C'est la dernière photo d'une longue série qui a commencé en septembre 2015. Une nouvelle image choquante a été prise par l'ONG allemande Sea-Watch. L'organisation humanitaire souhaite alerter l’Union européenne sur les conséquences de sa politique étrangère. Sur le cliché insoutenable, figure en gros plan un enfant noir, probablement âgé de quelques mois, qui gît dans les bras de l’un des sauveteurs. Une nouvelle image choquante prise par l'ONG allemande. "Le petit réfugié noyé en méditerranée" titre Paris Match qui floute le visage du bébé. Il n'est pas flouté sur le site du Huffington post, ni sur celui du Monde qui titre "La mort en face". L'enfant a péri vendredi 27 mai dans le naufrage de l'embarcation sur laquelle il se trouvait avec sa famille, entre la Libye et l'Italie, comme des milliers d'autres personnes dans l'espoir de gagner l'Europe.

Libération publie la photo dans ses pages ce matin en la recadrant.
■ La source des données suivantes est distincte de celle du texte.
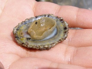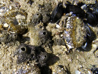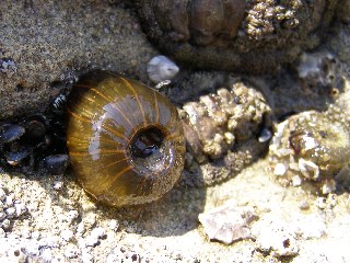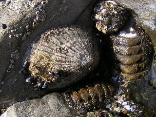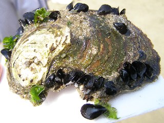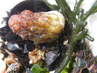 【左】巻貝はスガイ。黒い2枚貝はムラサキイガイ。料理に使われるムールガイはこれです。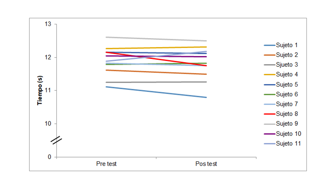 Respecto al análisis individual, en la figura 3 se presenta los cambios individuales de pre a post test para el tipo de entrenamiento de velocidad. Se puede apreciar cómo, de manera global, no hay efecto de los tipos de entrenamiento en el tiempo de carrera de 100 metros, pero en el análisis individual sí se observan cambios (positivos o negativos) en el tiempo de carrera entre los participantes para un mismo tipo de entrenamiento.

On ne voit pas le regard du bébé, par respect pour lui et sa famille explique Libé qui titre : "L'image à laquelle on n'aurait pas dû s'habituer". "Il y a dans cette photo à peu près tout ce que contenait celle du petit Aylan, un enfant mort pour rien, un adulte impuissant, pas de coupable à l'horizon, juste une tristesse qui monte toute seule, prête à l'emploi", écrit Frantz Durupt. Pour autant, constate le journaliste du quotidien, "cette image ne provoque pas la sensation attendue". Hier soir, presque 80 heures après sa première diffusion par l'agence Reuters, elle n'a pas fait réagir grand monde sur les réseaux sociaux. Peut-être y a-t-il dans la démarche de Sea-Watch, quelque chose de l'apprentissage en sorcellerie. Peut-être aussi qu'il faut arrêter de ne compter que sur des photos pour changer le monde.
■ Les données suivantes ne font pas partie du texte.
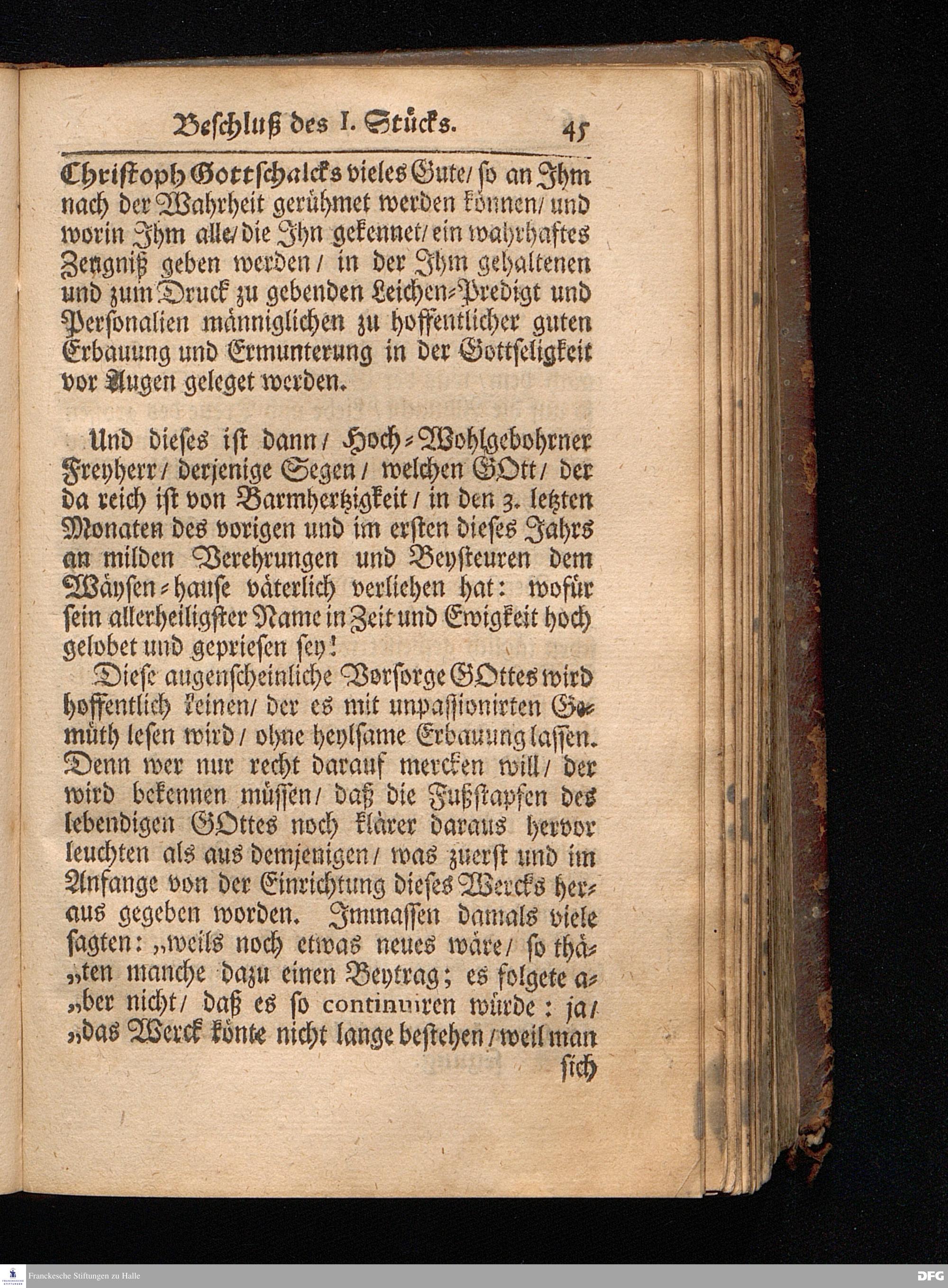 Segens=volle Fußstapfen des noch lebenden und waltenden liebreichen und getreuen GOttes / Zur Beschämung des Unglaubens und Stärckung des Glaubens entdecket durch eine wahrhafte und umständliche Nachricht von dem Wäysen=Hause und übrigen Anstalten zu Glaucha vor Halle: Welche im Jahr 1701. zum Druck befördert; ietzo aber zum dritten mal ediret / und bis auf gegenwärtiges Jahr fortgesetzet von August.Herm.Francken / S.Theol.Prof.und Past. Halle / in Verlegung des Wäysen=hauses / MDCCIX.

A la une de la presse aussi, les inondations en France

Les mêmes photos partout en une, de l'eau et à la surface ce qui ressemble au toit d'une voiture. Les mêmes mots aussi, déluges, désolation. Et puis l'exaspération. "Il ne manquait plus que ça", titre en une Le Parisien. La dépression doit durer jusqu'à vendredi 3 juin. Dépression au sens météorologique du terme, car c'est bien de météo dont il s'agit. Le phénomène porte même un nom : la goutte froide. En fait, de l'air froid en altitude entre "en conflit  avec des flux plus chauds et éclate en pluie. C'est classique sauf que cette fois la dépression mammouth au-dessus de nos têtes se déplace à la vitesse d'un escargot". La pluie est donc partout. Même en Une du Canard Enchaîné, qui titre : "Hollande : ce n'est pas la pluie qui va m'empêcher d'arroser". Et en sous-titres : "Les chèques de sa politique."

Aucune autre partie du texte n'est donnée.